The first large-scale social policy program in the United States was assistance to Union Civil War veterans. The program provided pensions and disability assistance. From 1890 to the early 1920s, the U.S. provided what Theda Skocpol characterized as "maternalist policies", as it provided pensions for widowed mothers.

Historically, the United States has spent less on social welfare than European countries, but only in terms of gross public social welfare spending. Spending varied between different states in the United States. The United States tended to tax lower-income people at lower rates, and relied substantially on private social welfare programs: "after taking into account taxation, public mandates, and private spending, the United States in the late twentieth century spent a higher share on combined private and net public social welfare relative to GDP than did most advanced economies.".
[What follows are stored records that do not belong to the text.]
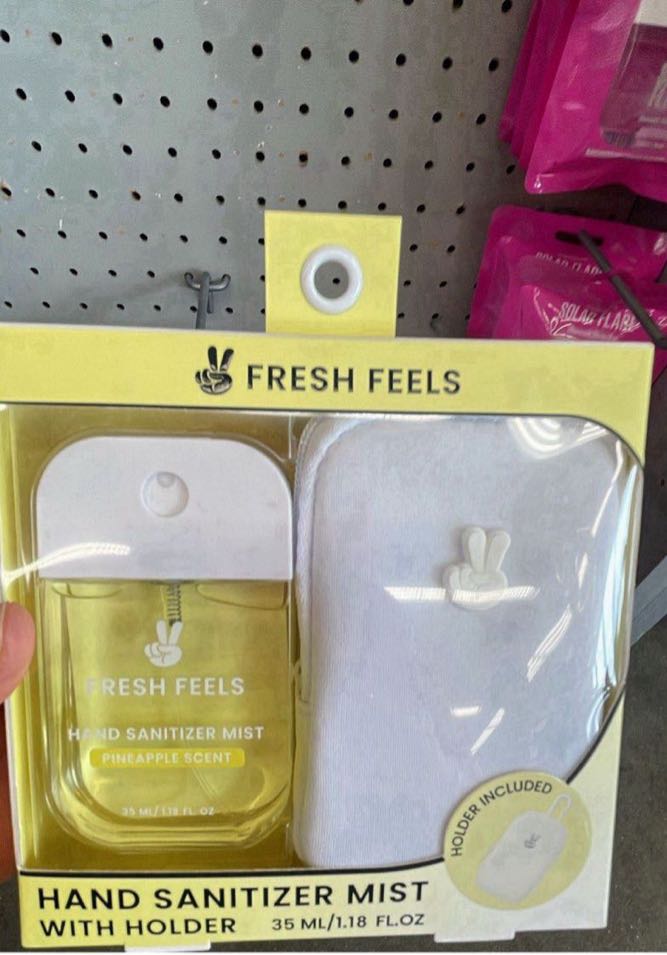 A hand sanitizer mist in a pineapple scent, packaged with a holder for convenience.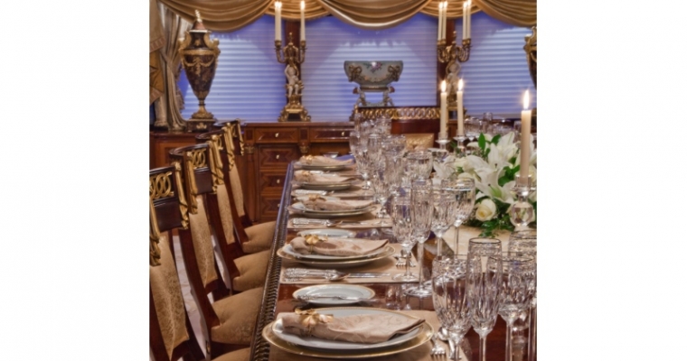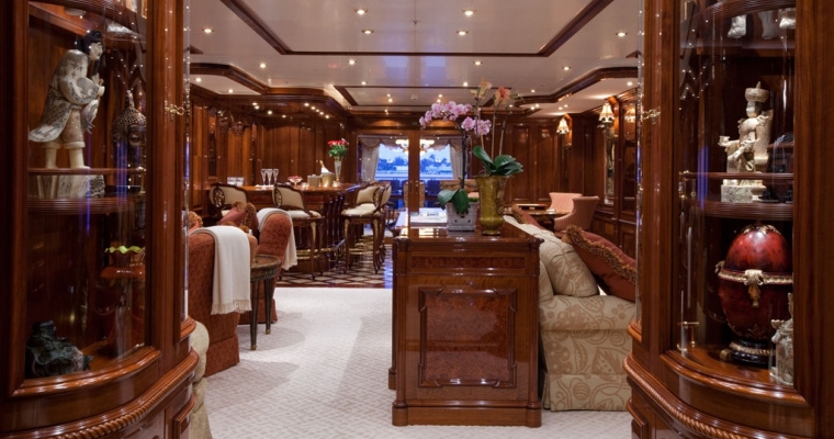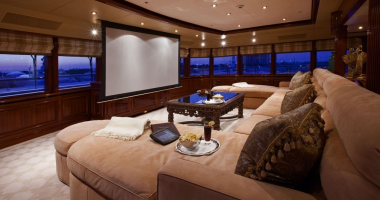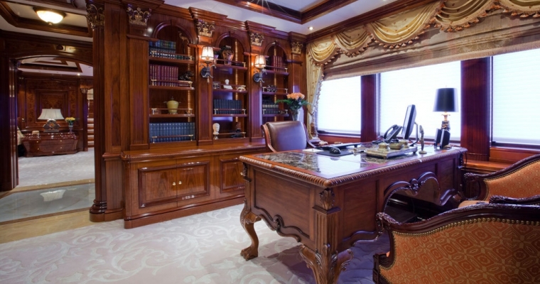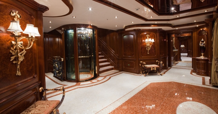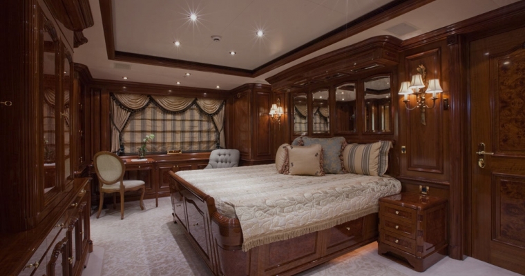 Kaleidescape central server with tablet remote control to access the wide selection of movie & music libraries Elevator from Guest Accommodation Deck to Sports Deck. 7 en suite staterooms KING. Full width Master Suite. Main deck Private library/study at entrance. Dressing room/closet forward to port. Sitting area with sofa/cocktail table and wet bar to port of bed. TV, lounge chair to starboard with built-in cabinets and desk His/hers bathrooms with central Jacuzzi tub Hers with vanity, dressing room/closet His with shower, vanity, closet Master lounge. Split level forward area of master suite with large sofa, *single Pullman bed to port*, occasional tables, TV. Access to exterior deck LOWER DECK – GUEST ACCOMMODATION DECK Central lobby with access to circular glass elevator, mini-refrigerator/service bar Crew service corridor from crew’s quarters to lobby provides unobtrusive access KING + Pullman. Aft port. Ensuite with double vanity sinks/shower Dressing room/closet. Sofa, desk, arm chair / breakfast table. TV KING + Pullman. Aft starboard. Ensuite with double vanity sinks/shower Dressing room/closet. Sofa, desk, arm chair / breakfast table. TV KING. Forward port. Ensuite with double vanity sinks/shower. Dressing room/closet. L-shaped corner sofa, desk to port. TV KING. Forward starboard. Ensuite with double vanity sinks/shower. Sofa, desk. TV STAFF CABIN: 3 singles (including upper/lower). Ensuite with shower. Closet, desk. TV NOTE: Suitable for children, nannies, supernumeraries KING. VIP STATEROOM / SKYLOUNGE (bridge) DECK. Amidships/forward of Skylounge Ensuite with shower/double vanity sinks. Sofa, vanity, arm chair, occasional table. TV Dressing room with mirrored closet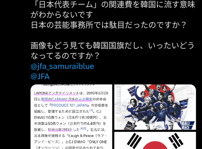 サッカー日本代表はなぜ韓国資本の会社ラポネのタレントたちをアンバサダーに選んだのですか?
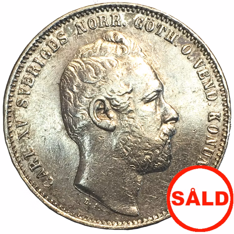Karl XV - 1 Riksdaler riksmynt 1871/61 Produkten är tyvärr slut i lager. :( Karl XV - 1 Riksdaler riksmynt 1871/61Konungens porträtt på åtsidan och stora krönta riksvapnet flankerat av lejon på frånsidan. Kvalitet ca 1+, 8.51g, 25mm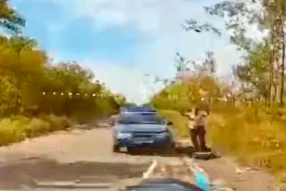Как оказалось, пожилой водитель менял поврежденное колесо. В результате дрон неспеша пролетел мимо и продолжил патрулирование.
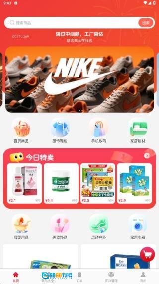 进入安装后的界面,首页设有百货商品、服饰鞋包等产品分类板块,同时还展示着特卖好物的推荐内容。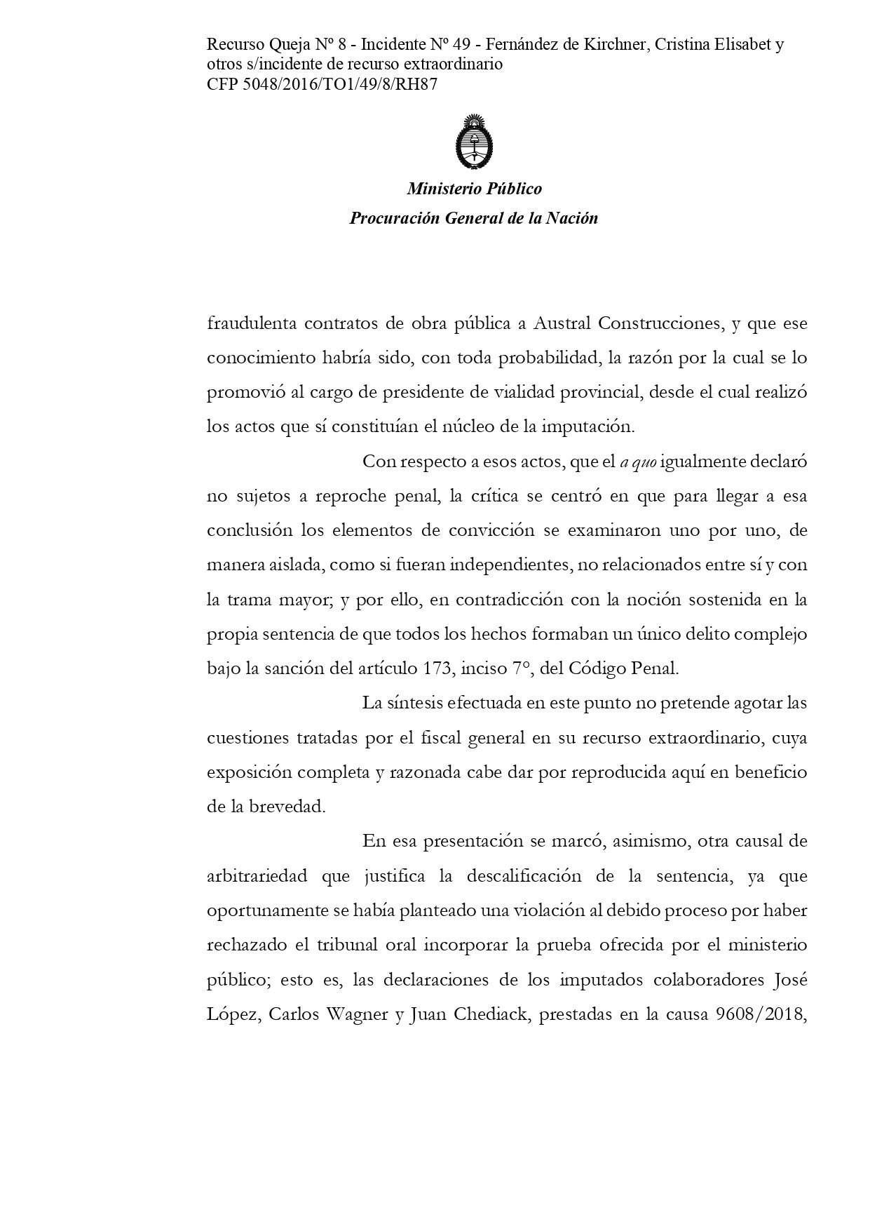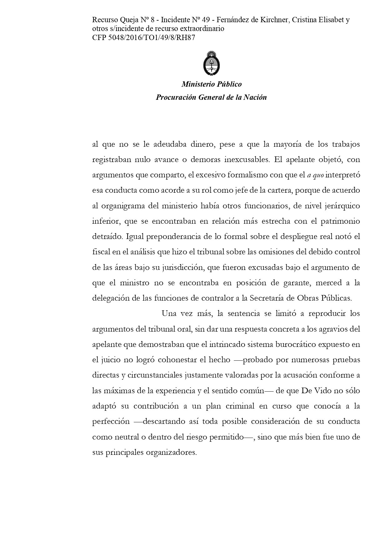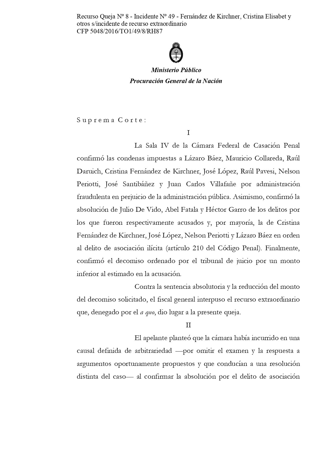 El máximo tribunal simplemente le mandó a Casal un texto de una línea: «Córrase vista a la Procuración General de la Nación», en alusión al recurso de Villar, pero no le envió para que dictamine los planteos de las defensas. Sobre esos no tiene obligación.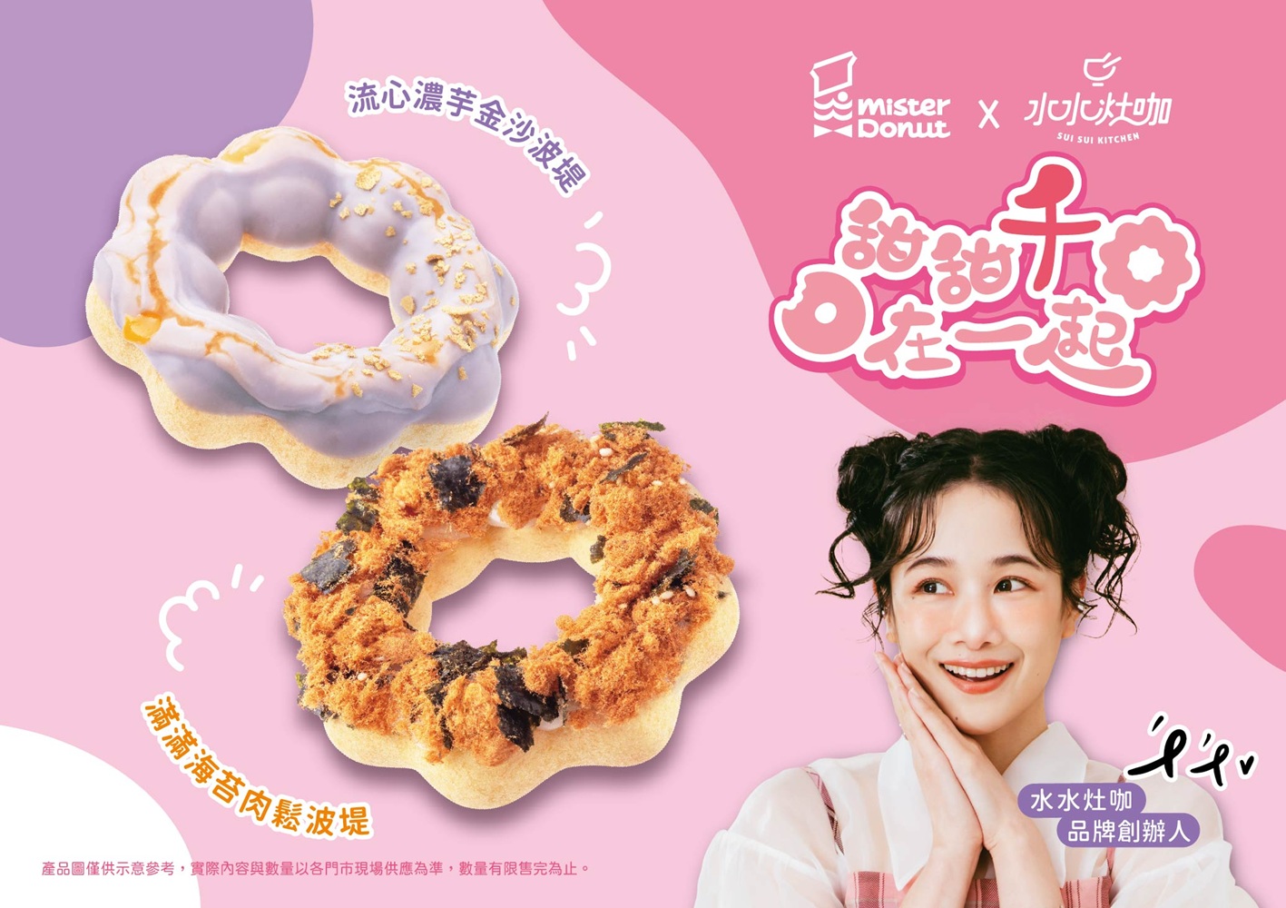 Mister Donut x水水灶咖夢幻獻禮~Mister Donut攜手百萬創作者『千千』的自創品牌-『水水灶咖』共同開發8款聯名商品,結合備受喜愛的台、泰特色風味元素,將甜甜圈翻玩出混血新創意,帶給粉絲們與以往不同的甜甜圈新體驗。1月6日起,與粉絲們甜甜「千」在一起!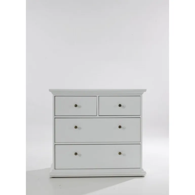 Bordeaux kommode med 4 skuffer hvid med metaludtræk.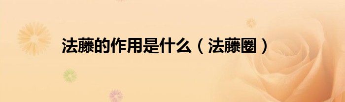 法藤的作用是什么,法藤圈这个很多人还不知道,小飞来为大家解答以上的问题。现在让我们一起来看看吧!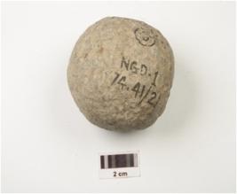 | Description / विवरण | Stone ball with rough surface and uneven. |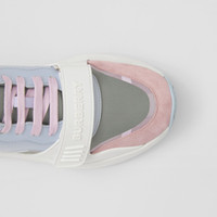 Leather, Suede and Check Nylon Sneakers

===Federal welfare programs===
Colonial legislatures and later state governments adopted legislation patterned after the English "poor" laws. Aid to veterans, often free grants of land, and pensions for widows and handicapped veterans, have been offered in all U.S. wars. Following World War I, provisions were made for a full-scale system of hospital and medical care benefits for veterans. By 1929, workers' compensation laws were in effect in all but four states. These state laws made industry and businesses responsible for the costs of compensating workers or their survivors when the worker was injured or killed in connection with his or her job. Retirement programs for mainly State and local government paid teachers, police officers, and fire fighters—date back to the 19th century. All these social programs were far from universal and varied considerably from one state to another.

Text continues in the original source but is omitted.